Neither the default parameter, object, or global cache methods are entirely satisfactory. The good news, however, is that in Python 3.2, the problem was solved for us by the lru_cache decorator.

An aside: decorators

A decorator is a higher-order function, i.e. one that takes as its argument a function, and returns another function. In the case of a decorator, that returned function is usually just the original function augmented with some extra functionality. In the simplest case, the extra functionality is a pure side-effect such a logging. For example, we could create a decorator that prints some text each time the function it decorates is called:

def output_decorator(f):
    def f_(f)
        f()
        print('Ran f...')
    return f_

You can replace f with the decorated version by doing f = output_decorator(f). If you now call f(), you get the decorated version, i.e. the original function, plus the print output. Python provides some syntactic sugar to make this even easier:

@output_decorator
def f()
    # ... define f ...

If that didn’t make sense, Simeon Franklin’s Understanding decorators in 12 easy steps is a tutorial that takes you from the fundamentals of first class functions to the principles of decoration. It’s great!

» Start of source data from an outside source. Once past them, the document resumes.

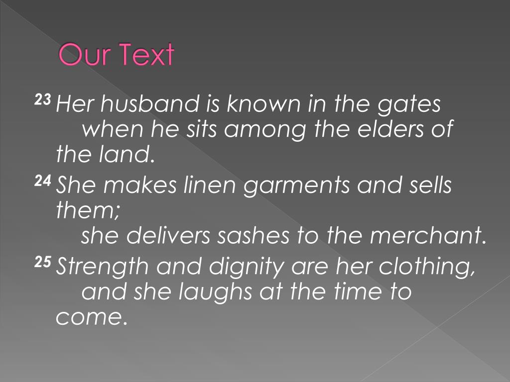Our Text 23Her husband is known in the gates when he sits among the elders of the land. 24She makes linen garments and sells them; she delivers sashes to the merchant. 25Strength and dignity are her clothing, and she laughs at the time to come.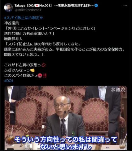 Takuya【DOJ No.001】 〜未来永劫咲き誇れ日本〜さんの投稿】#スパイ防止法の制定を 神谷議員 「(中国によるサイレントインベージョンなどに対して) 法的な抑止力も必要無いと?」 纐纈参考人 「スパイ防止法には80年代から反対してきた。 廃案に追い込んだ実績がある。平和国会を作ることが最大の安全保障力。間違えてないと思う。」 これがド左翼の妄想っ💢ふざけんな〜っ👊このスパイ野郎がっ😡(全文は引用元へ…)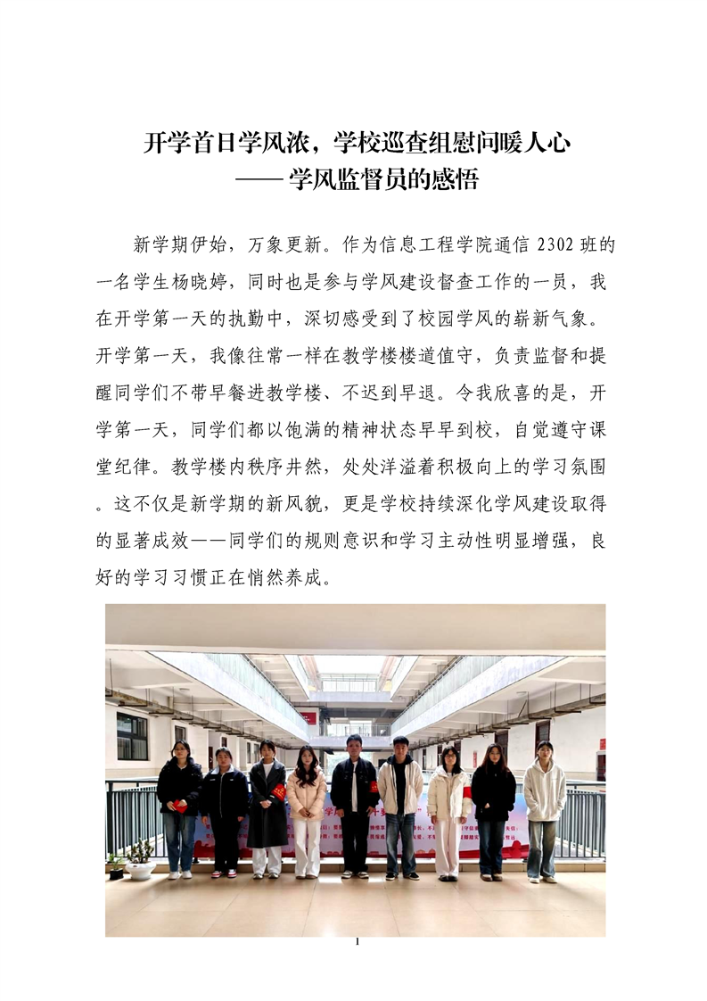 开学首日学风浓,学校巡查组慰问暖人心 —— 学风监督员的感悟
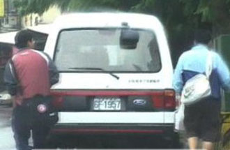 兩位民眾從便利店提了一大袋東西出來,外型方方的像飲料,兩人都穿運動服,其中一個還著短褲一派輕松的樣子,接著上了車,不過,這一看仔細可不得了,這車的側(cè)面有岸巡總隊的徽章,還有個紅十字,說明這是臺軍用救護車,卻被岸巡員在不是執(zhí)勤時穿便服拿來代步買飲料。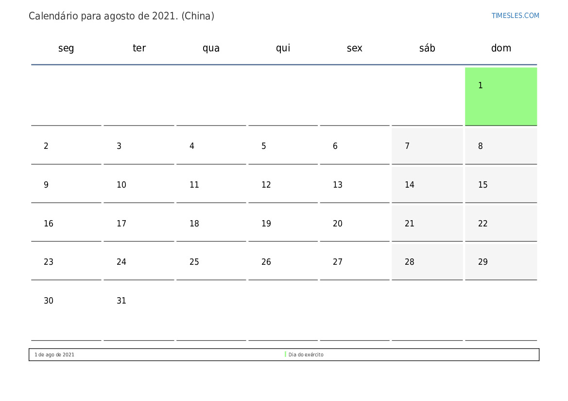 Calendário de feriados e fins de semana para agosto de 2021 para a china

The side-effect of our output_decorator is not very interesting. But we could go beyond pure side-effects and augment the operation of the function itself. For example, the decorator could add precisely the kind of cache required for memoization, and intercept calls to the decorated function when the answer is already in the cache.

But if you try to write your own decorator for memoization, you quickly get mired in the details of argument passing and, and once you’ve figured that out you get truly stuck with Python introspection. Put simply, naively decorating a function is a good way to break the features the interpreter and other code depends on to learn about the function. For more details, check out the documentation of the decorator module, The decorator and wrapt modules figure these introspection issues out for you if you’re happy to use non-standard library code.

But luckily for us, for the particular case of memoization, the fiddly decorator details have been worked out, and the solution in in the standard library.

functools.lru_cache

If you’re running Python 3.2 or newer, all you have to do to memoize a function is apply the functools.lru_cache decorator:

import functools

@functools.lru_cache()
def fib_lru_cache(n):
    if n < 2:
        return n
    else:
        return fib_lru_cache(n - 2) + fib_lru_cache(n - 1)

Note this is simply the original function with an extra import and a decorator. What could be simpler? And applying this decorator gives the six orders of magnitude speedup we expect:

In [5]: %time [fib.fib_lru_cache(i) for i in range(1, 35)]
CPU times: user 57 µs, sys: 1 µs, total: 58 µs
Wall time: 61 µs

The LRU in lru_cache stands for least-recently used. It’s a FIFO approach to managing the size of the cache, which could grow very large for functions more complicated than fib(). But fundamentally, the approach to memoization taken by this standard library decorator is the same as is discussed above. In fact, And there are backports of this decorator if you’re stuck on Python 2.7 (or want to take a quick look at the code).

lru_cache is not without compromises and overheads (note that fib_lru_cache is half the speed of our first attempt at memoization), but its trivial decorator interface makes it so easy to use that, when you find a good place in your application for memoization, it’s as easy as throwing a switch.